Много людей сидело за длинными столами, каждому давалась чашка горячего молока и несколько ломтей хлеба с салом или с маргарином. Видно было, что люди изрядно проголодались: почти все сразу огораживали руками свою порцию хлеба, словно боясь, что ее отымут, и низко нагибались над чашкой. Больше всего было тут стариков и женщин с детьми. Старики выглядели ужасно одинокими, заброшенными, изможденными и все напоминали тряпичников: седые, остриженные под машинку головы, видимо, никогда не знавали воды и мыла. Бедные, нищие старики! Никого-то у них, должно быть, нет на земле, ни одной души, близкой, которая бы позаботилась о них немножко, помыла их, почистила. Дитте вспомнился их прежний сосед, старый тряпичник. Узнать бы, куда он девался.
— Не знаете ли вы старого тряпичника Риндома? — спросила она своего соседа за столом.
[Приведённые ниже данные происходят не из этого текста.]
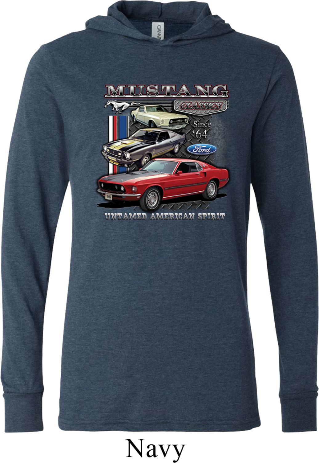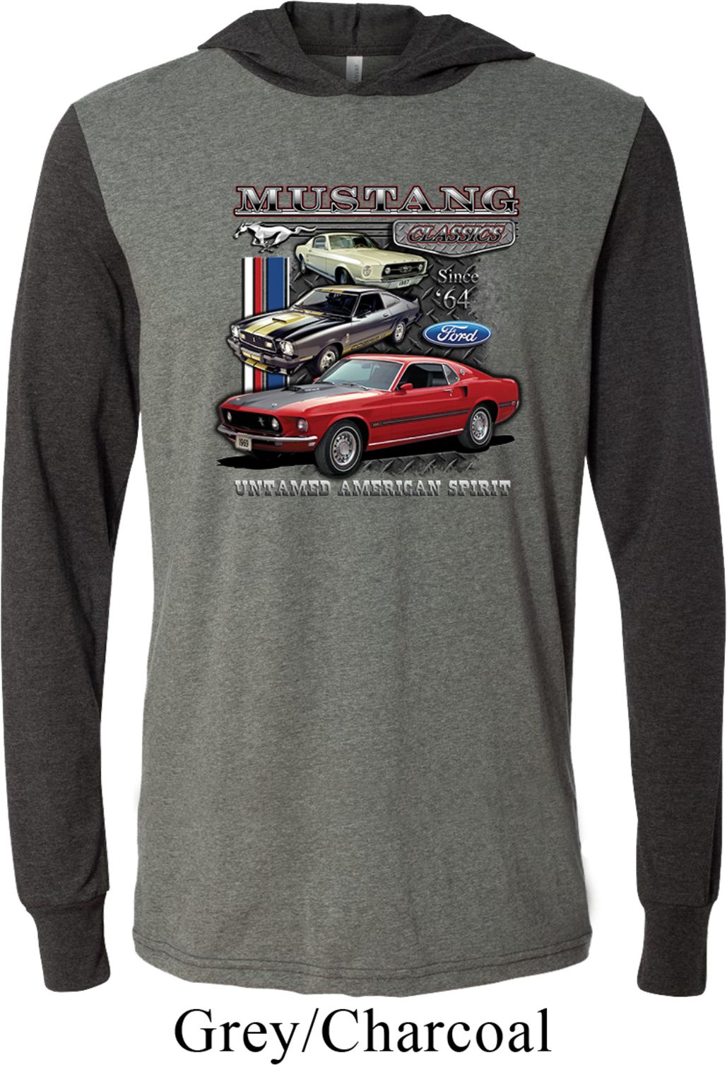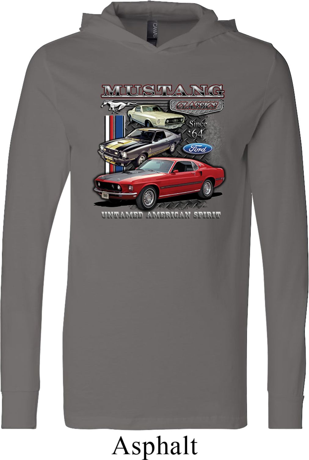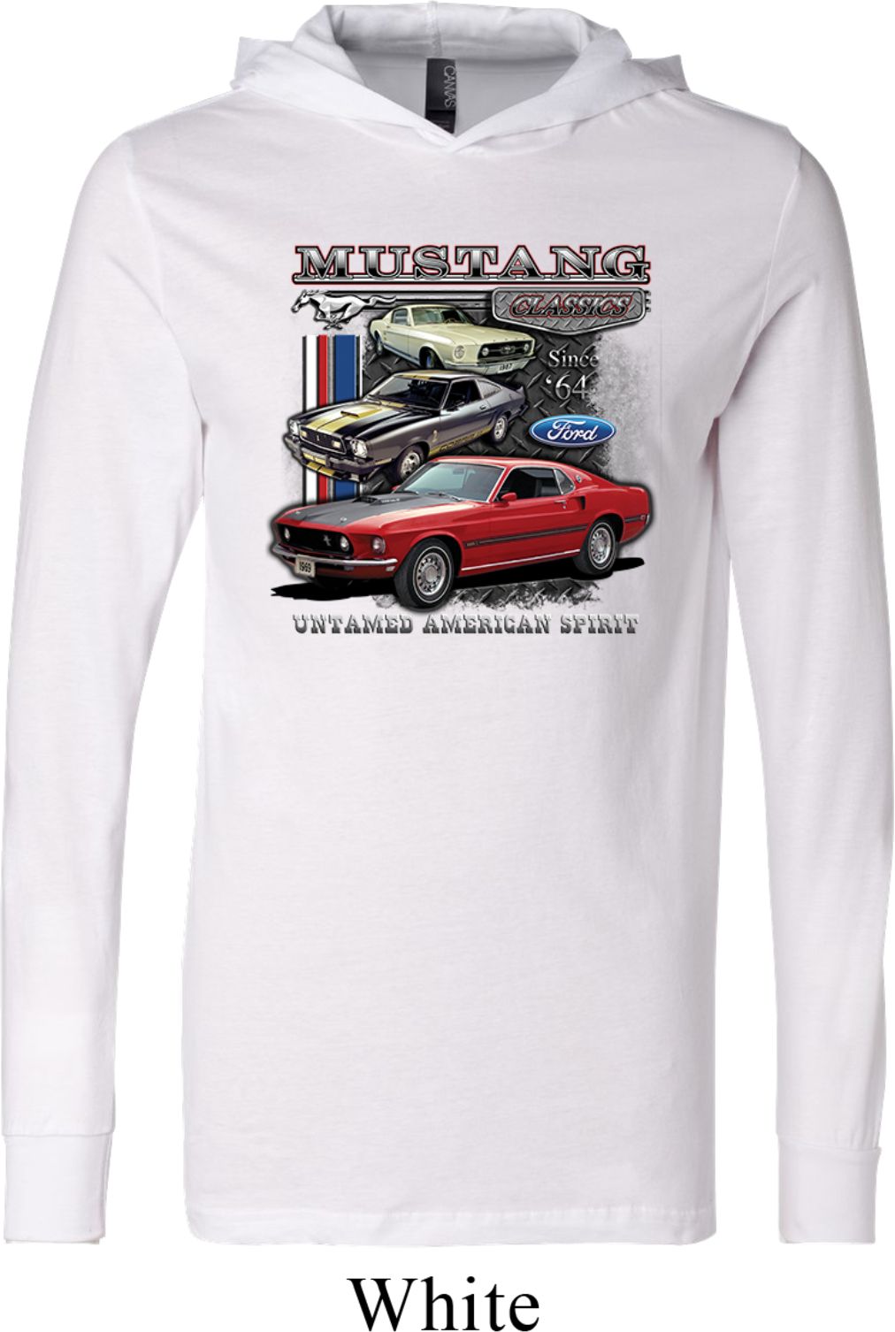 | | Mens Ford Tee Classic Mustangs Untamed Lightweight HoodieA mens lightweight hoodie featuring Ford Mustang Classics since 1964, Untamed American Spirit. Our mens shirt is made of 100% cotton. (Deep Heather, Grey Charcoal, Navy, and Royal are made of cotton/poly; Charcoal is made with a blend of cotton/poly/rayon) Available in sizes Small through 2XL. Machine wash cold with like colors; dry low heat. ![]() |

Старик поднял голову от чашки и уставил на Дитте выцветшие глаза.
— Как же, знаю, — это мой товарищ, — ответил он и начал большим складным ножом резать ломти хлеба на мелкие кусочки. — Он работал одно время тут, на Вестербро. А теперь, должно быть, перебрался на свое старое место около Боргергаде. У него есть медаль за спасение утопающих.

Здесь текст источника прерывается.